BRATTLEBORO—A flag facing Putney Road, its bands of rainbow color vivid against brown brick, hangs from the exterior of St. Michael’s Episcopal Church.
As part of June’s PRIDE month, the church will host its first “PRIDE Sunday: Celebrating God’s Diversity” on June 30.
“We’re saying the words, You’re welcome as you are,” said parishioner and planning team member Christopher Wesolowski.
The purpose of the PRIDE Sunday service is twofold, organizers say. First, the church wants to celebrate its members, many of whom actively serve the congregation and are lesbian, gay, bisexual, transgendered, or questioning.
The congregation also wants to invite members of the wider LGBTQ community into an affirming space where they’re free to explore larger spiritual questions.
It is important that those identifying as LGBTQ seeking a spiritual community find a welcoming one, he said.
“Historically, churches have been our enemy,” said Wesolowski. “[The correlation becomes] if the church rejects us, then God rejects us.”
Traditionally, churches have rejected the LGBTQ community with labels such as “intrinsically morally disordered,” said Wesolowski.
Wesolowski grew up in the Catholic Church, but said he left it over the denomination’s views against homosexuality. He said it finally dawned on him, “I’m not welcomed here.”
“[Saint Michael’s] is an example of a church after the conversation [about whether to welcome LGBTQ-identified people] is over,” said Paul Moberly, parishioner and planning team member.
There was a time when many within the Episcopal Church were unhappy with women becoming bishops.
Later, people were unhappy with openly LGBTQ-identified people becoming bishops. But they moved on from that unhappiness and, at least in Vermont, into a full inclusion of all genders and and sexual identities, said Moberly.
A number of gay couples call St. Michael’s their congregation, said Moberly.
It’s easy to assume that the church welcomes those in the LGBTQ community “seeking a friendly church home,” he said. But, hanging the rainbow flag tells the whole community that the church’s doors stand open.
Moberly said that when he was 12 he witnessed members of his Midwestern childhood church vote to expel a homosexual man.
The experience served as a negative “cautionary tale,” he said.
Moberly said the common message about homosexuality and the church comes from the conservative, evangelical side of the political spectrum. He said he feels responsible to tell the “progressive church’s” side of the conversation.
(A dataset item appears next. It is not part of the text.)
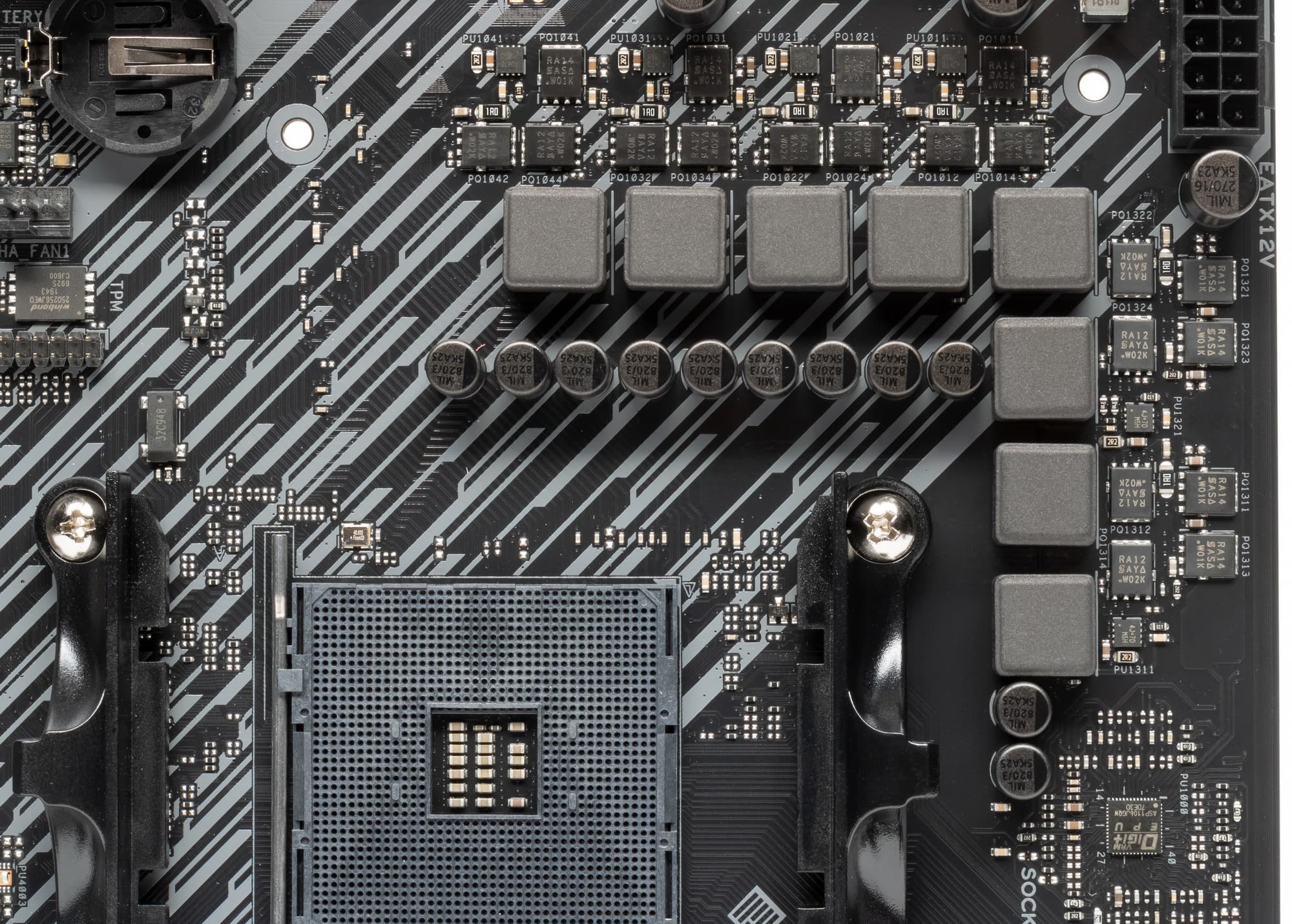 Остальная часть VRM, а также M.2 слот не имеют охлаждения.

What hooks Wesolowski’s heart as a religious person is the part of his faith that asks him to “respect the worth and dignity of every person.”
This practice helps guide how Wesolowski lives in the world.
If respecting another’s dignity is how we want to live, then PRIDE Sunday is the congregation’s way of putting its money where its mouth is.
On June 30, the 8 and 10:15 a.m. services will reflect “the joy of our diversity as human beings.” Moberly and Wesolowski will lead a special forum called “Sexuality and Spirituality: Celebrate the Link” at 9 a.m.